Il bullismo consiste in comportamenti aggressivi ripetitivi perpetrati da


una o più persone nei confronti di una vittima incapace di difendersi.
Cosa si intende per bullismo
Con il termine bullismo s’intende definire un comportamento aggressivo
ripetitivo nei confronti di chi non è in grado di difendersi. Solitamente,
i ruoli del bullismo sono ben definiti: da una parte c’è il bullo, colui che attua dei
comportamenti violenti fisicamente e/o psicologicamente e dall’altra parte la
vittima, colui che invece subisce tali atteggiamenti. La sofferenza psicologica e
l’esclusione sociale sono sperimentate di sovente da bambini che, senza
sceglierlo, si ritrovano a vestire il ruolo della vittima subendo ripetute umiliazioni
da coloro che invece ricoprono il ruolo di bullo.

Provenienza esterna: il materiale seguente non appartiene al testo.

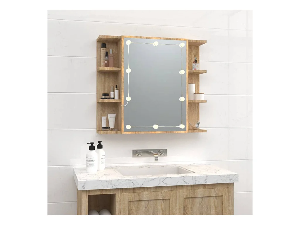 Armário espelhado com LED 91x15x76,5 cm carvalho sonoma PT761054
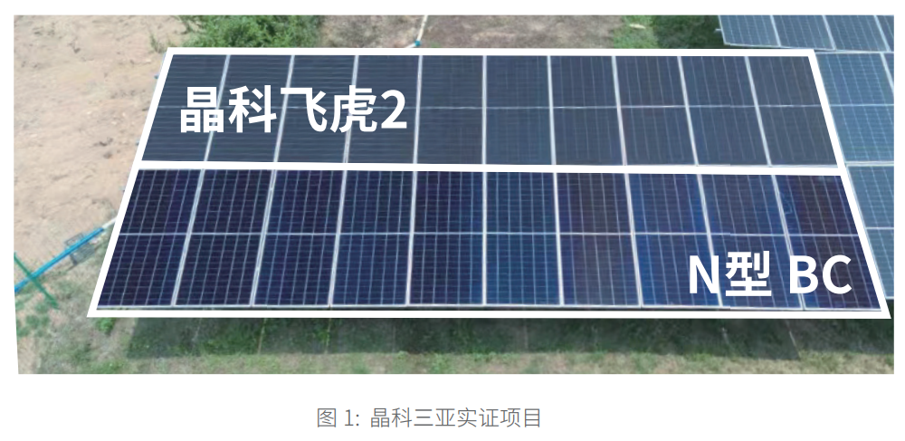 項(xiàng)目設(shè)計(jì): 三亞實(shí)證基地設(shè)計(jì)2個(gè)光伏陣列,各陣列由10塊相同型號(hào)飛虎2組件與N型BC組件構(gòu)成,均采用雙面雙玻結(jié)構(gòu),確保測(cè)試變量單一可控。實(shí)驗(yàn)采用固定支架 (≈15°) 朝南安裝,地面條件為草地,實(shí)驗(yàn)期間持續(xù)采集了發(fā)電量、輻照度、組件溫度、環(huán)境溫度及電氣參數(shù)等關(guān)鍵數(shù)據(jù),并針對(duì)不同時(shí)段、不同輻照條件進(jìn)行了對(duì)比分析。

Le principali caratteristiche che permettono di definire un episodio con


l’etichetta “bullismo” sono l’intenzionalità del comportamento aggressivo agito,
la sistematicità delle azioni aggressive fino a divenire persecutorie (non basta un
episodio perché vi sia bullismo) e l’asimmetria di potere tra vittima e
persecutore.

Bullismo a scuola
Recentemente è stato diffuso uno studio della Federazione Italiana Società di
Psicologia (Fisp), in cui è stato affrontato il possibile ruolo dello psicologo per
quanto riguarda il bullismo a scuola. Secondo indagini Istat sui comportamenti
offensivi e violenti tra i giovanissimi, nel 2014, più del 50% degli 11/17enni è
stata vittima di un episodio offensivo, irrispettoso e/o violento da parte di
coetanei.
I comportamenti violenti che caratterizzano il bullismo sono i seguenti:
– Offese, parolacce e insulti;
– Derisione per l’aspetto fisico o per il modo di parlare;
– Diffamazione;
– Esclusione per le proprie opinioni;
– Aggressioni fisiche.
Per gli psicologi si tratta di una vera e propria emergenza, che può essere
contrastata a partire dall’intervento a scuola.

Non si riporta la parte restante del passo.